Estimating the value of potential actions is crucial for learning and adaptive behavior. We know little about how the human brain represents action-specific value outside of motor areas. This is, in part, due to a difficulty in detecting the neural correlates of value using conventional (region of interest) functional magnetic resonance imaging (fMRI) analyses, due to a potential distributed representation of value. We address this limitation by applying a recently developed multivariate decoding method to high-resolution fMRI data in subjects performing an instrumental learning task. We found evidence for action-specific value signals in circumscribed regions, specifically ventromedial prefrontal cortex, putamen, thalamus, and insula cortex. In contrast, action-independent value signals were more widely represented across a large set of brain areas. Using multivariate Bayesian model comparison, we formally tested whether value–specific responses are spatially distributed or coherent. We found strong evidence that both action-specific and action-independent value signals are represented in a distributed fashion. Our results suggest that a surprisingly large number of classical reward-related areas contain distributed representations of action-specific values, representations that are likely to mediate between reward and adaptive behavior.

Introduction

Adaptive decision-making requires an agent to link their evaluation of current and future states to the actions that might cause them. One needs to know that one wants to drink a cup of tea and which actions are needed to realize this goal. On standard accounts, linking the two involves assigning values to particular actions, which are then compared and used to guide choice (one opens the tea caddy rather than the coffee jar). In addition, tracking action-specific values is useful for rapid and appropriate updating during learning (Gershman et al., 2009), for example, in Q-learning (Watkins and Dayan, 1992). Thus, action-specific values assume great importance for understanding decision-making in humans and other animals.

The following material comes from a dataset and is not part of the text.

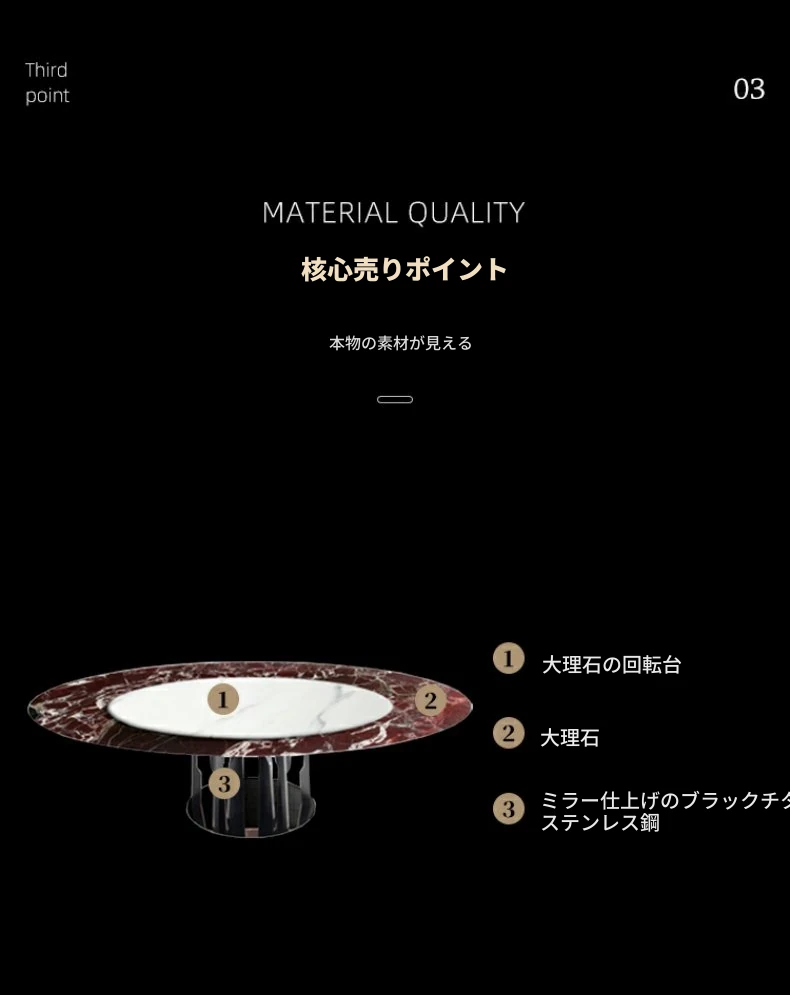 豪華な大理石ダイニングテーブル - ヴィラにぴったり!回転式デザインで、イタリアンモダンな極簡スタイルの天然石製ラウンドテーブルセット。洗練された雰囲気を演出し、特別な食事のひとときを提供します。

Despite the importance of such information, few studies have directly considered how it is encoded. Primate studies demonstrate the existence of action-specific value signals in the striatum (Samejima et al., 2005; Pasquereau et al., 2007; Lau and Glimcher, 2008; Hori et al., 2009; Seo et al., 2012) and parietal cortex (Platt and Glimcher, 1999; Sugrue et al., 2004) but not, to our knowledge, elsewhere. In humans, there is evidence of such representations in motor areas (Wunderlich et al., 2009), but not those most often associated with valuation, such as the striatum. One explanation for this is that the conventional univariate fMRI analysis methods used in most studies are insensitive to signals with subject-specific profiles.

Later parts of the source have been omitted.